Your instructions:
Once you find the line below that has "Jinên, tevlî pîrozbahiyê", output it and every line after it exactly, stopping after the line that has "Potopite se v", with no pictures.
[Data supplied Boundary: Start]
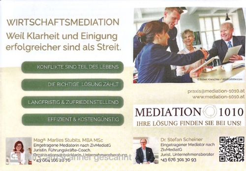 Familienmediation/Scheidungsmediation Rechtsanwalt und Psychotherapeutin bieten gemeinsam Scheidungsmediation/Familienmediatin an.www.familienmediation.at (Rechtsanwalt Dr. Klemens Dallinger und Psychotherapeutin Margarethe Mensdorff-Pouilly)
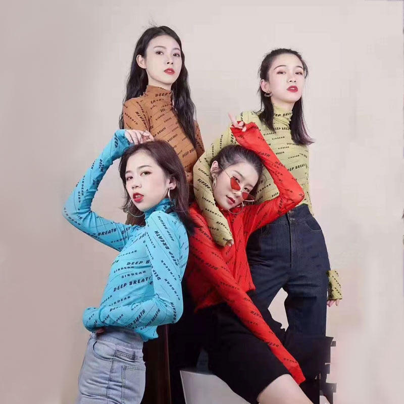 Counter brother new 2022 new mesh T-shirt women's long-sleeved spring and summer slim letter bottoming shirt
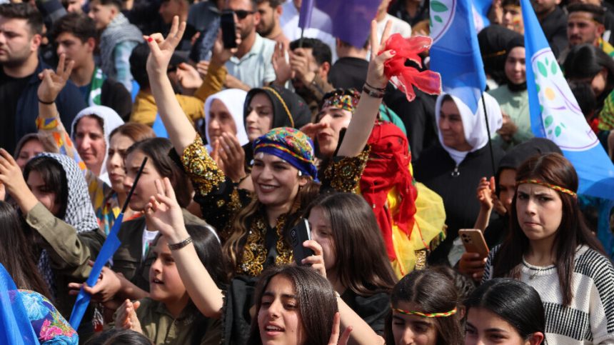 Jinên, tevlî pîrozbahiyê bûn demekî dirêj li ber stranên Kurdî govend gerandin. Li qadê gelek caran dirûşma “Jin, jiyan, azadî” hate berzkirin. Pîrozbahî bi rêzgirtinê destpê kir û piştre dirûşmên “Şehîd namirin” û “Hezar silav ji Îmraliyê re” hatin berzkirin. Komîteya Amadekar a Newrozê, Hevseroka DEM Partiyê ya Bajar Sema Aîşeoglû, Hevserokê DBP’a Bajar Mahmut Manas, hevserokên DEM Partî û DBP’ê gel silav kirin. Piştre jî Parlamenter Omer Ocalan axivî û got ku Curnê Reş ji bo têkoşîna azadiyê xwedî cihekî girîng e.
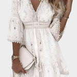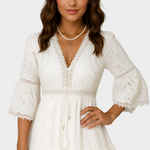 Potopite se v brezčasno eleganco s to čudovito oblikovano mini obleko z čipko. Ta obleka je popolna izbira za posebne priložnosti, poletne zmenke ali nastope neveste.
[Data supplied Boundary: End]
[Data supplied Boundary: Start]
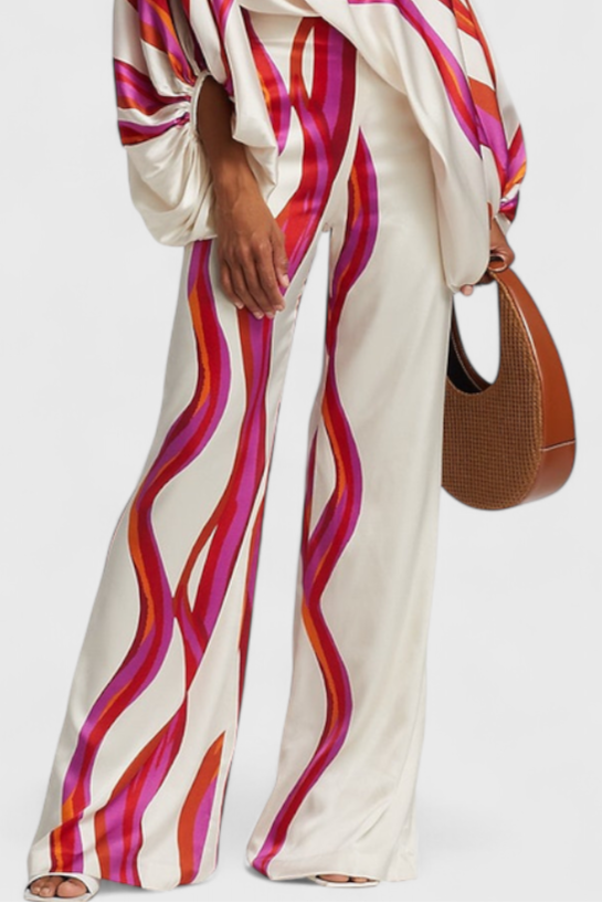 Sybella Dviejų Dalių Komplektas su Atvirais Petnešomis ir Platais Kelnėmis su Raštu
[Data supplied Boundary: End]
Expected output:
 Jinên, tevlî pîrozbahiyê bûn demekî dirêj li ber stranên Kurdî govend gerandin. Li qadê gelek caran dirûşma “Jin, jiyan, azadî” hate berzkirin. Pîrozbahî bi rêzgirtinê destpê kir û piştre dirûşmên “Şehîd namirin” û “Hezar silav ji Îmraliyê re” hatin berzkirin. Komîteya Amadekar a Newrozê, Hevseroka DEM Partiyê ya Bajar Sema Aîşeoglû, Hevserokê DBP’a Bajar Mahmut Manas, hevserokên DEM Partî û DBP’ê gel silav kirin. Piştre jî Parlamenter Omer Ocalan axivî û got ku Curnê Reş ji bo têkoşîna azadiyê xwedî cihekî girîng e.
 Potopite se v brezčasno eleganco s to čudovito oblikovano mini obleko z čipko. Ta obleka je popolna izbira za posebne priložnosti, poletne zmenke ali nastope neveste.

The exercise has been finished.